AUDIENCE: [INAUDIBLE]
MICHALE FEE: What's that?
AUDIENCE: It responds [INAUDIBLE].
MICHALE FEE: It responds maximally, actually, to a very short tone at 4 kilohertz. You see how it kind of has some inhibition there? See how it's kind of darker right there?
So this neuron actually will respond better to a tone that only lasts 20 milliseconds than it will to a tone that lasts a long time. So this is a neuron that responds to a short tone pulse. What happens if we play a stimulus to this neuron that's broad? That instead of just being a tone, [WHISTLE], is broad, like [STATIC]? The noise that's at 4 kilohertz here will tend to excite the neuron, but the noise that's over here at 5 kilohertz or 3 kilohertz will tend to inhibit the neuron.
So the best response, the best stimulus to make this neuron respond, is a pure tone at 4 kilohertz that lasts about 20-ish milliseconds. How about this? Let's take a look at this neuron right here. What about that neuron?
What does that neuron want to respond to? What does it like to hear? I'm anthropomorphizing shamelessly.
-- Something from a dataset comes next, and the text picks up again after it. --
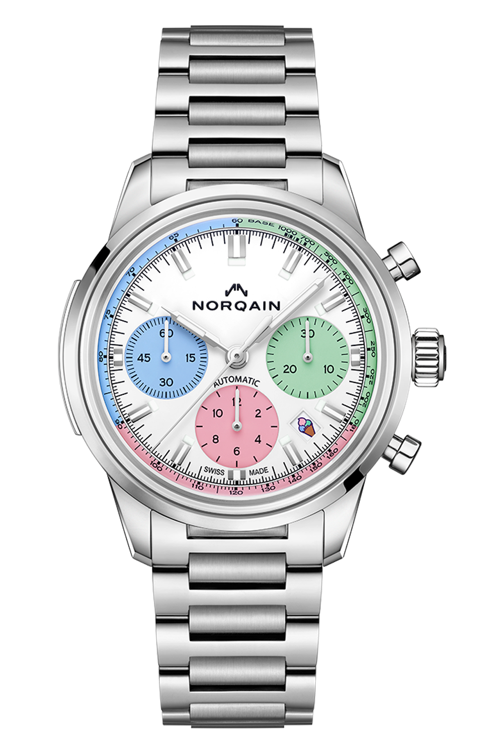 The Freedom 60 Chrono 40mm Enjoy Life Special Edition – a scoop of summer on your wrist. Bursting with vibrant colours,... this timepiece channels the carefree spirit of the season. Playful ice cream illustration and the uplifting “Enjoy Life” motto make it the perfect companion for sunny days. A joyful tribute to colour, fun, and freedom

You're not supposed to do that. What kind of stimulus drives this neuron?
AUDIENCE: [INAUDIBLE]
MICHALE FEE: Good, a downward sweep, tone sweep, that goes from about 4 kilohertz to 3 kilohertz. In how long?
AUDIENCE: 100 [INAUDIBLE].
MICHALE FEE: In about 100 milliseconds, that's right. Maybe 50 would do, [WHISTLE], like that. How about this? It's kind of messy, right?
So you can see that neurons have receptive fields that can be very complex in space, or in this case, in frequency and time. They are very selective to particular patterns in the stimulus. So we talked about a mathematical version of receptive fields, which are essentially describing patterns of sensory inputs that make a neuron spike. And we've talked about a very specific model, called a linear/nonlinear model, that describes how neurons respond to stimuli or become selective to stimuli.
We've talked about a spatial receptive field, described the response of a neuron as a correlation between the spatial receptive field and the stimulus. Temporal receptive fields, where we've used convolution to predict the response of a neuron to a temporal-- to a stimulus. We've talked about the idea of a spatio- or spectro- temporal receptive field, and we've talked about how to use a spike-triggered average to extract the spectro-temporal or spatio-temporal receptive field of a neuron using white noise or random stimuli.